Asian markets battle to match Wall Street rally ahead of US inflation

HONG KONG: Asian markets mostly rose Tuesday after a rally on Wall Street as traders try to assess the outlook for US interest rates following last week's disappointing jobs report, with focus on the release of key inflation data.

With Friday's non-farm payrolls showing the labour market slowing faster than expected, there is a growing worry that the world's top economy is heading for a recession, which sent stocks tumbling.

The Federal Reserve is widely seen cutting rates at next week's meeting but debate surrounds whether it will be 25 or 50 basis points, with some arguing that going for the bigger option could suggest decision-makers are worried.

Analyst Stephen Innes said there were numerous factors that could sway nervous investors ahead of the Fed's decision.

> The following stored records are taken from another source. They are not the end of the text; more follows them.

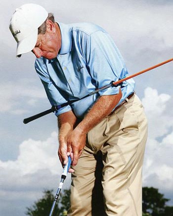 用一支旧杆身。两端绑在双臂的肘部 ,在目标线上放置另一支杆身——对于直推那就是你的球线。站位的时候让手肘上的球杆沿着地面上的杆身方向来确保肩膀方正。
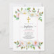 White and pink wild dog rose floral girl baptism invitation. This design showcases garlands of watercolor white and blush pink dog roses with green leaves on the upper and bottom parts and your text in a pink frame. The back is of pink colour.
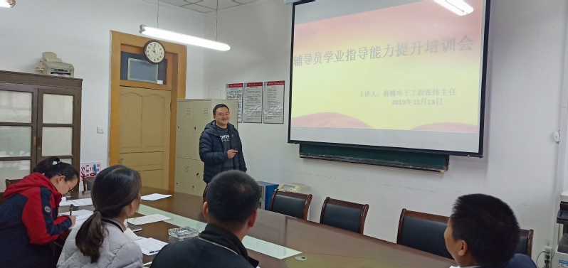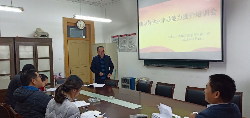 本网讯(通讯员 宗姣姣)为进一步加强和改进我院大学生学风建设工作,充分发挥辅导员老师在学风建设中的教育引导作用,1113日上午,学院特邀请各系主任为学生工作办公室全体辅导员老师进行学生学业指导能力提升培训。培训会由学院党委副书记黄向东主持。
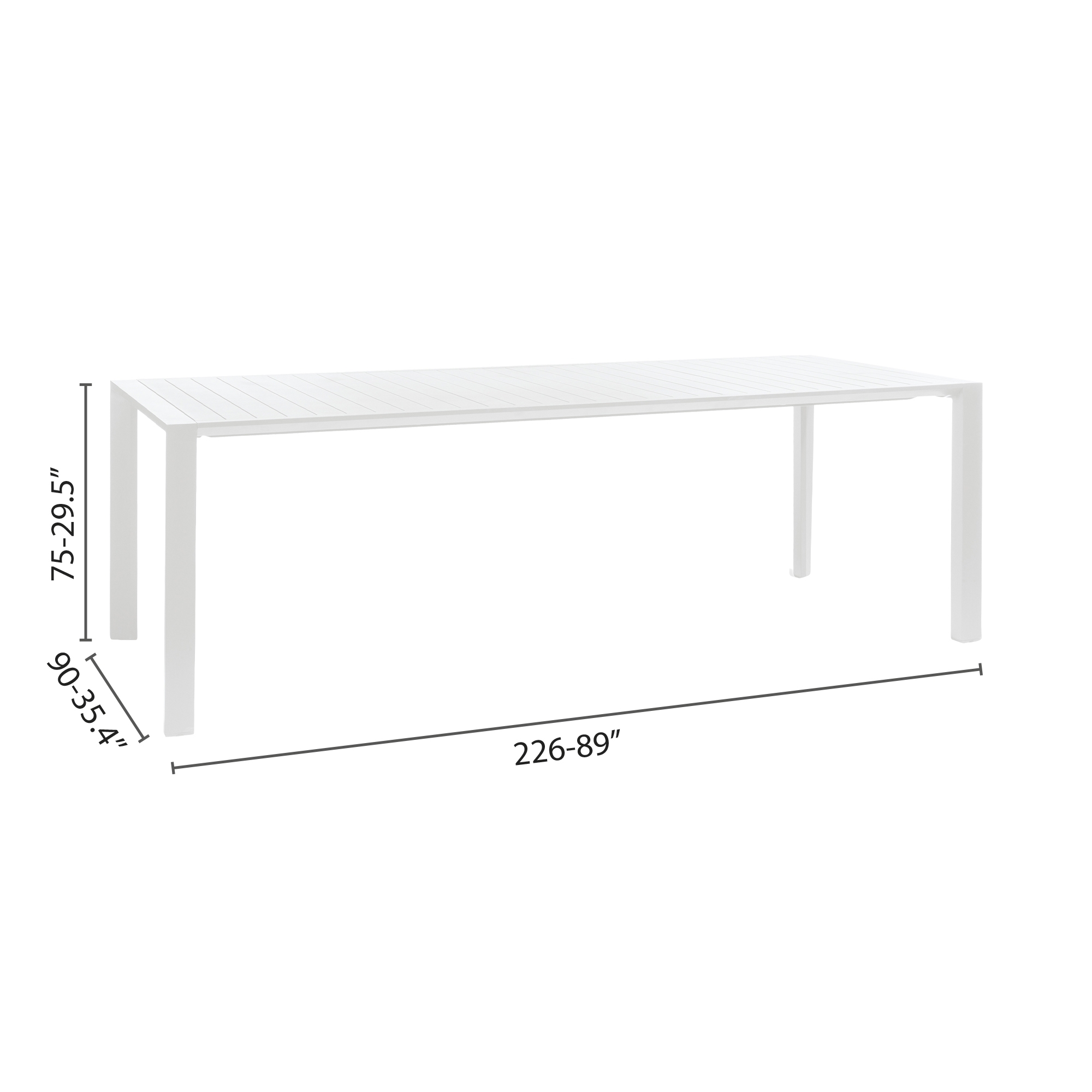 Tavolo Metris, 226x90 cm, è un'opera d'arte realizzata da Diphano per la collezione Metris, interamente in alluminio verniciato in polvere di altissma qualità che promette robustezza e resistenza ai vari agenti atmosferici come raggi UV, pioggia e umidità, perfetto per l'uso esterno. Disponibile in due bellissime combinazioni, il tavolo da pranzo Metris si abbina armoniosamente in ambienti con più stili e decori, sia che lo si scelga per il proprio giardino moderno, per un patio minimalista o una terrazza più classica. La superficie del tavolo 226x90 assicura posti per dieci persone, rendendolo ideale per cene e serate in famiglia o feste con gli amici. Inoltre, la forma rettangolare promuove la conversazione, permettendo a tutti gli ospiti di interagire visivamente con facilità. Le doghe del tavolo Metris sono realizzate in alluminio e facilitano la manutenzione e la pulizia. Il tavolo Metris 226x90 cm è più di un semplice pezzo di arredamento, è una vera e propria dichiarazione di stile, funzionalità e innovazione senza eguali.
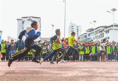 湖南省永州市道县第四小学学生在参加跑步比赛。
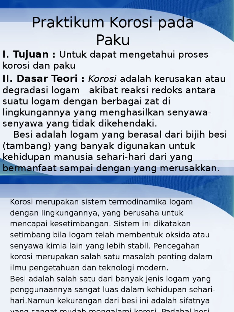 Laporan Praktikum Korosi Pada Paku Docx Document
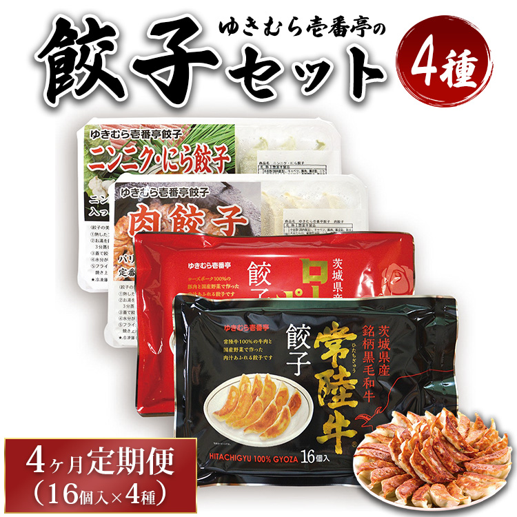 【定期便4ヶ月】ゆきむら壱番亭の4種の餃子セット※離島への配送不可

Wednesday's consumer price index is the first major release and a big miss to the downside could ramp up bets on a 50-point cut but add to concerns about the economy.

"While the labour market is cooling, it's far from frozen, and second-quarter GDP was revised up to a solid 3.0 percent annualised gain, keeping the soft-landing narrative firmly on the table," he wrote in his Dark Side Of The Boom newsletter.

Still, he added: "For now, the Fed likely won't feel the need to hit the panic button with a jumbo rate cut, but stock traders... haven't fully grasped the depth of the potential labour market weakness yet.

"That leaves the door open for further, potentially sizeable market corrections. Expect the worry meter to creep higher if the employment picture deteriorates further."

All three main indexes on Wall Street rose more than one percent Monday after Friday's steep, tech-led retreat.

Hong Kong, Shanghai, Sydney, Singapore, Wellington, Manila, Mumbai and Jakarta edged up but Tokyo, Seoul, Taipei and Bangkok dipped.

London, Paris and Frankfurt were all down in early trade.

Fresh worries about China's economy are also dampening sentiment, with a mixed bag on trade doing little to encourage investors.

Data showed exports jumped in August but imports fell well short of expectations as the country's leaders struggle to boost consumption.

That came a day after news that inflation rose less than expected in July, reinforcing the view that moves to boost consumer demand and business activity have not taken hold.

China's leaders are now facing pressure to unveil fresh stimulus for the world's number two economy, although they have shown little desire to embark on the bazooka-like spending seen during the global financial crisis.

On currency markets, the dollar strengthened against the yen but the euro edged up ahead of an expected rate cut by the European Central Bank on Thursday.